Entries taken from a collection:
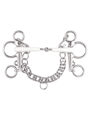 Le mors Pelham Equimouth est conçu en thermoplastique de haute qualité, garantissant un confort optimal pour votre cheval. Ce matériau est bien toléré et favorise la mastication naturelle. En améliorant le contact avec la bouche du cheval, ce mors contribue à son bien-être et à sa performance. Les anneaux et les noyaux internes en acier inoxydable assurent robustesse et durabilité.
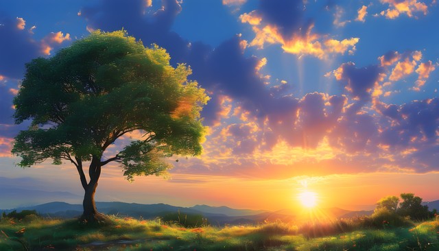 日落时分,温暖的阳光洒在盛开的花海和孤独的树上,营造出宁静的自然景象。
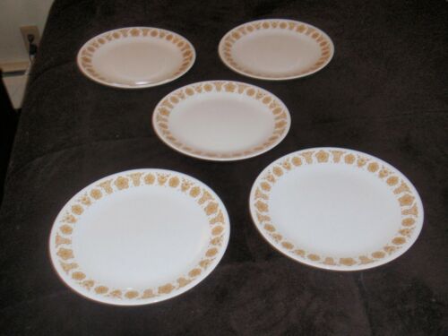 VINTAGE CORELLE FIVE (5) 10" DINNER PLATES BUTTERFLY GOLD
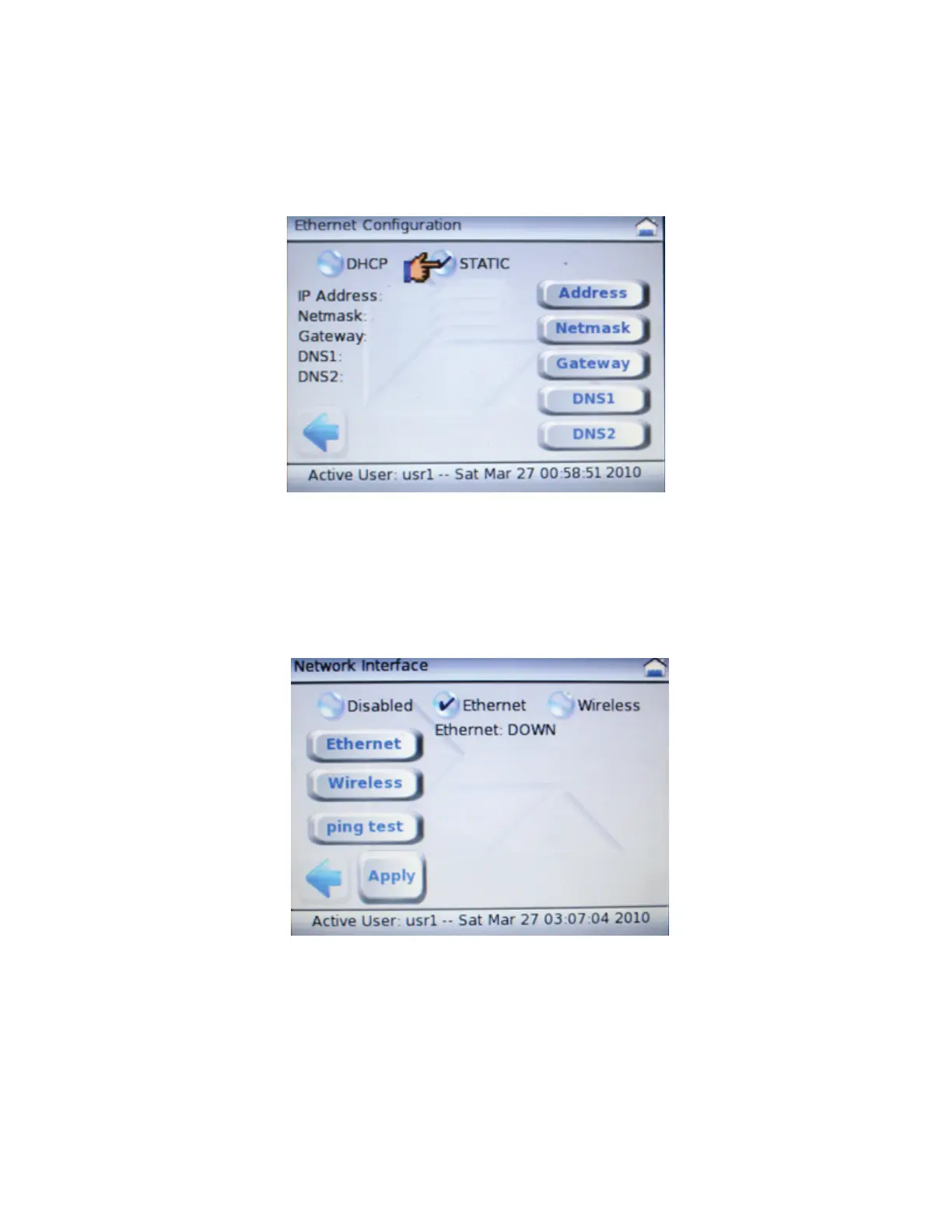 4. From the Ethernet Configuration menu, select the STATIC round button, and then select the
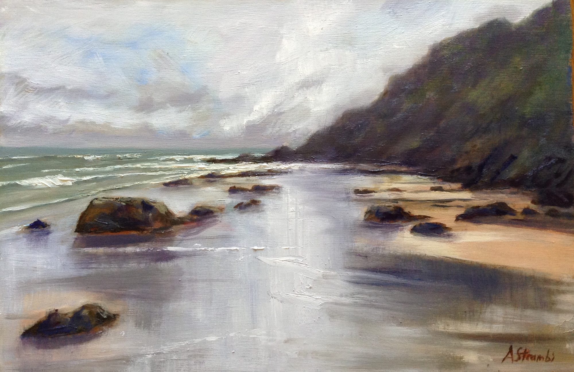 This is an original oil painting, inspired by an overcast day at Wategos Beach, northern NSW, with reflected light illuminating the wet sand and the sea colour a moody grey-green. This is a favourite spot, but this painting contrasts with the usual sunny seascape with its moody light.
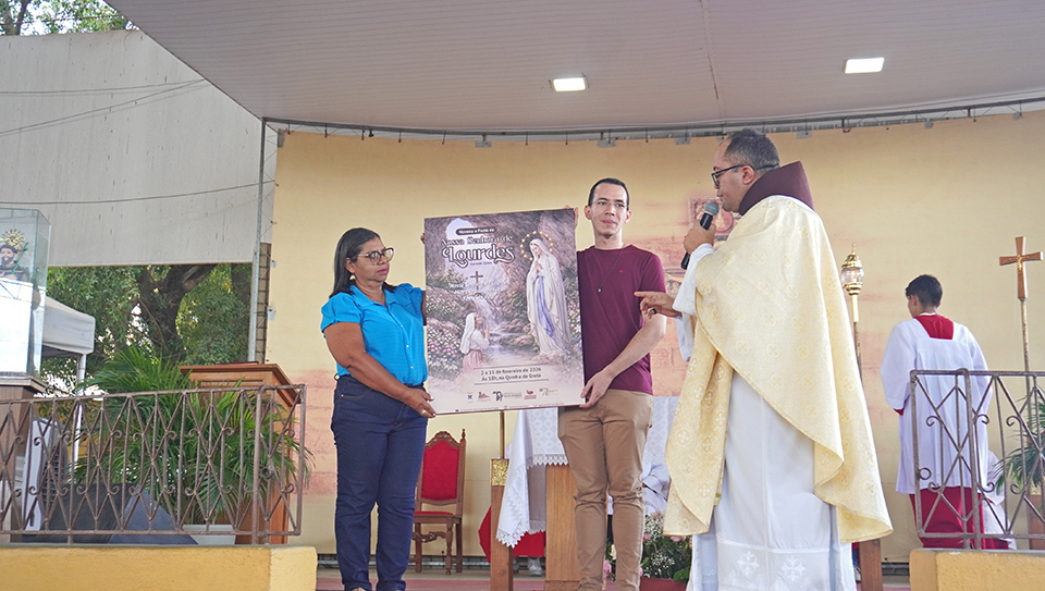 O Santuário de São Francisco das Chagas, em Canindé (CE), apresentou oficialmente o cartaz e o tema da Festa de Nossa Senhora de Lourdes 2026 durante a Santa Missa das 9h deste domingo, 11 de janeiro. A celebração aconteceu em um dia especialmente significativo para a Igreja: a Festa do Batismo do Senhor e o dia votivo dedicado a Nossa Senhora de Lourdes no Santuário.
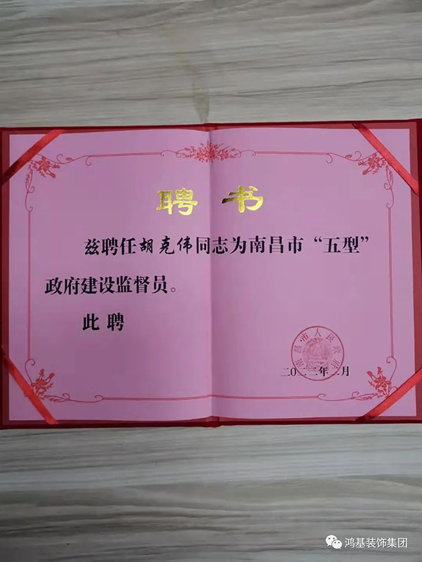 胡克偉表示:‘’此次能夠被選聘為“南昌市“五型”政府建設(shè)監(jiān)督員”!是榮譽(yù)、更是責(zé)任和鞭策!未來(lái),會(huì)當(dāng)好黨委政府密切聯(lián)系群眾的“連心橋”,凝聚民心、反映民意、了解民情,以“心中有譜,腳下有土”的工作作風(fēng),以“打頭陣、當(dāng)先鋒、做表率”的雄心壯志扛起省會(huì)責(zé)任,鑄牢忠誠(chéng)“第一底色”、夯實(shí)監(jiān)督“第一責(zé)任”,心往一處想、智往一處謀、勁往一處使,以扎實(shí)有效的監(jiān)督工作,形成共創(chuàng)美好未來(lái)的強(qiáng)大合力,為南昌高質(zhì)量跨越式發(fā)展貢獻(xiàn)力量!
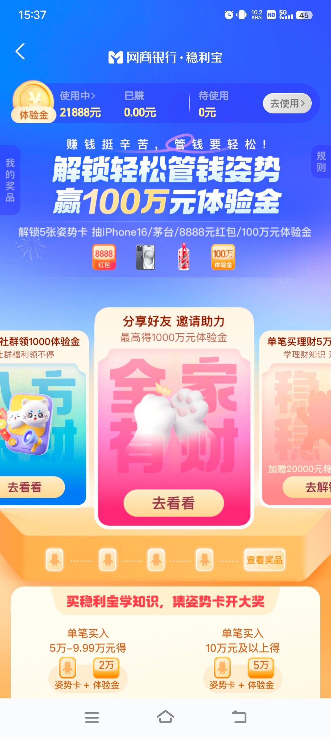 还有一个活动送66600的,需要邀请3个人,在首页点集卡开百万稳利宝体验金那个活动进去,不是人人都可以参加,我的不符合,你们可以去试试
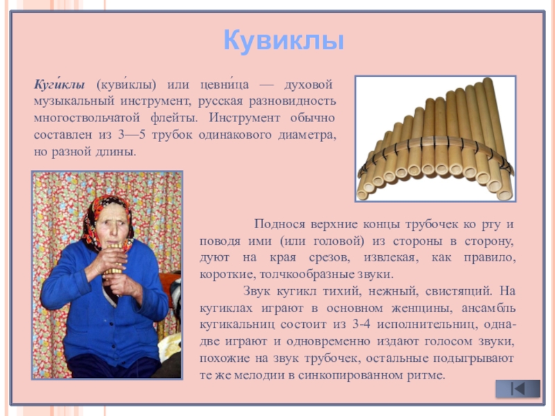 Куги́клы (куви́клы) или цевни́ца — духовой музыкальный инструмент, русская разновидность многоствольчатой флейты. Инструмент обычно составлен из 3—5 трубок одинакового диаметра, но разной длины.

◆ The problem:
When you output the entries, keep each line exactly as it is and leave out any pictures.

◆ Output for this task:
 Le mors Pelham Equimouth est conçu en thermoplastique de haute qualité, garantissant un confort optimal pour votre cheval. Ce matériau est bien toléré et favorise la mastication naturelle. En améliorant le contact avec la bouche du cheval, ce mors contribue à son bien-être et à sa performance. Les anneaux et les noyaux internes en acier inoxydable assurent robustesse et durabilité.
 日落时分,温暖的阳光洒在盛开的花海和孤独的树上,营造出宁静的自然景象。
 VINTAGE CORELLE FIVE (5) 10" DINNER PLATES BUTTERFLY GOLD
 4. From the Ethernet Configuration menu, select the STATIC round button, and then select the
 This is an original oil painting, inspired by an overcast day at Wategos Beach, northern NSW, with reflected light illuminating the wet sand and the sea colour a moody grey-green. This is a favourite spot, but this painting contrasts with the usual sunny seascape with its moody light.
 O Santuário de São Francisco das Chagas, em Canindé (CE), apresentou oficialmente o cartaz e o tema da Festa de Nossa Senhora de Lourdes 2026 durante a Santa Missa das 9h deste domingo, 11 de janeiro. A celebração aconteceu em um dia especialmente significativo para a Igreja: a Festa do Batismo do Senhor e o dia votivo dedicado a Nossa Senhora de Lourdes no Santuário.
 胡克偉表示:‘’此次能夠被選聘為“南昌市“五型”政府建設(shè)監(jiān)督員”!是榮譽(yù)、更是責(zé)任和鞭策!未來(lái),會(huì)當(dāng)好黨委政府密切聯(lián)系群眾的“連心橋”,凝聚民心、反映民意、了解民情,以“心中有譜,腳下有土”的工作作風(fēng),以“打頭陣、當(dāng)先鋒、做表率”的雄心壯志扛起省會(huì)責(zé)任,鑄牢忠誠(chéng)“第一底色”、夯實(shí)監(jiān)督“第一責(zé)任”,心往一處想、智往一處謀、勁往一處使,以扎實(shí)有效的監(jiān)督工作,形成共創(chuàng)美好未來(lái)的強(qiáng)大合力,為南昌高質(zhì)量跨越式發(fā)展貢獻(xiàn)力量!
 还有一个活动送66600的,需要邀请3个人,在首页点集卡开百万稳利宝体验金那个活动进去,不是人人都可以参加,我的不符合,你们可以去试试
 Куги́клы (куви́клы) или цевни́ца — духовой музыкальный инструмент, русская разновидность многоствольчатой флейты. Инструмент обычно составлен из 3—5 трубок одинакового диаметра, но разной длины.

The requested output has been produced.